Серия гравюр под названием «Алхимические свадьбы», выполненных Иоганном Штольциусом фон Шлотценбергом, была впервые издана во Франкфурте в 1560 году, выйдя из-под ручных печатных прессов герра Ватгейма, которому ученики дали прозвище Красный-Глаз, так как был он крив и закрывал пустую глазницу квадратиком из красной кожи. Это он также напечатал «Календарь людей и событий», популярную книжицу, сделанную не только с любовью, но и с далеко идущей целью. В ней он собрал гороскопы, сказы об оборотнях и колдунах, загадки и пророчества, биографии нескольких знаменитостей, а также описания целой коллекции чудовищ, которые в былые времена подстерегали путешественников на той или иной глухой дороге, таких, как дракон из Сен-Жана, имевший крылья летучей мыши, голову змеи и туловище жирафа, полосатое, как у зебры. Свое состояние герр Ватгейм нажил благодаря «Календарю», который разносчики продавали так быстро, что приходилось посылать за каждым груженую телегу, откуда они постоянно пополняли бы свой запас. Что же касается славы, то ей он был обязан Шлотценбергу и его «Свадьбам». Именно эти гравюры справедливо считались его шедевром.

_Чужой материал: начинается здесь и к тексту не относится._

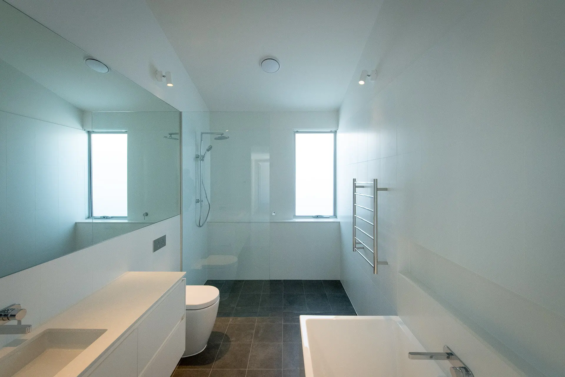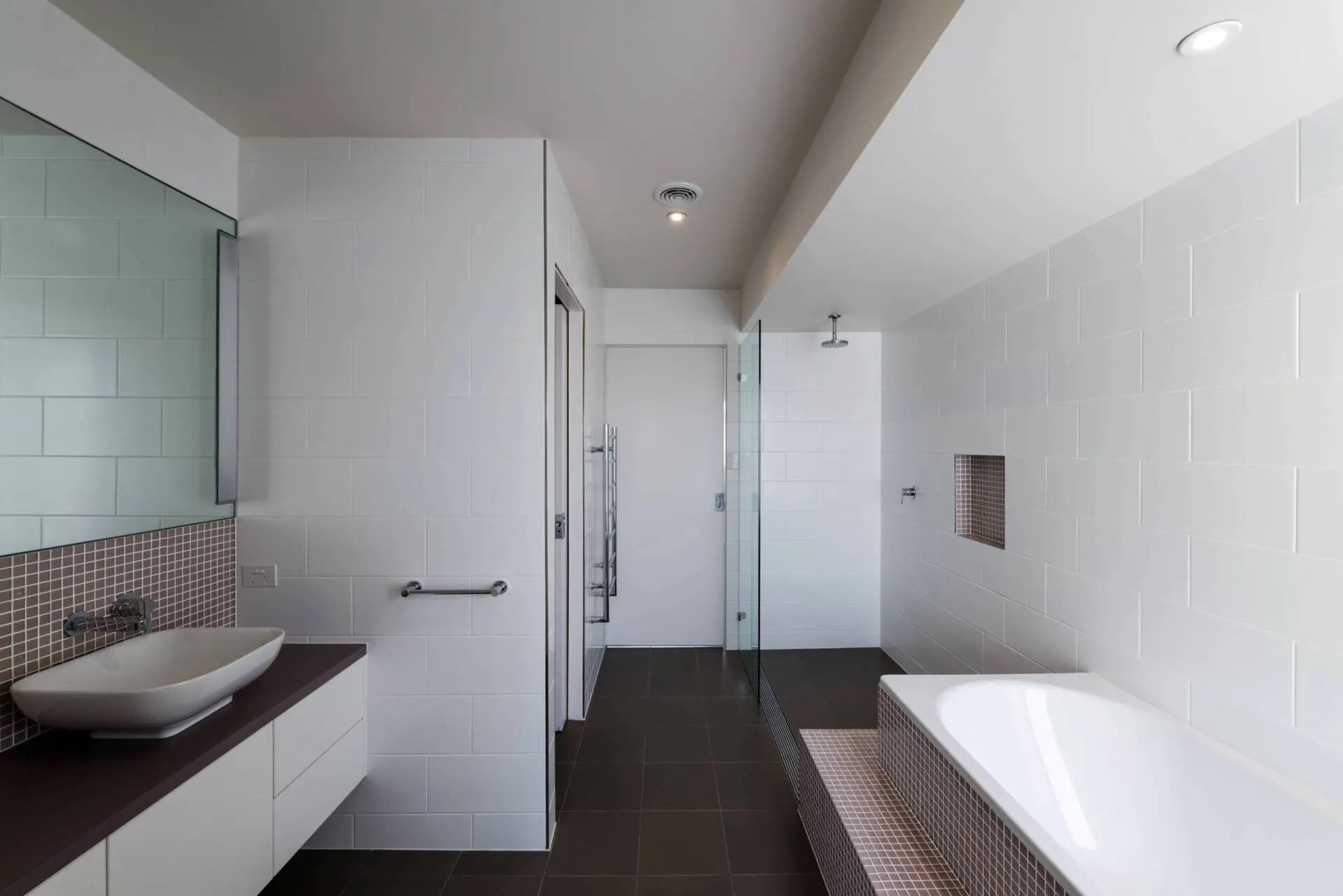 If the design includes a doorless shower then it must be situated so as to minimise water spillage into the rest of the bathroom. If this can’t be achieved then a door to the shower should be used.

Печатни той эпохи больше напоминали камеры пыток. Прессы с рукоятями в форме креста, толстые брусы и ремни, талеры, бутылки с кислотой, ступки, в которых растирали порошок, щипцы и деревянные молотки для распределения наборных букв и их подравнивания, горны, в которых варили чернила, лаки и клей – все это, собранное вместе, выглядело ужасающим, и это впечатление только усиливалось по той причине, что мастерские почти всегда располагались в подвалах. Машины, ящики с наборными буквами и бумагой были так тяжелы, что любой пол на первом этаже проломился бы под их тяжестью.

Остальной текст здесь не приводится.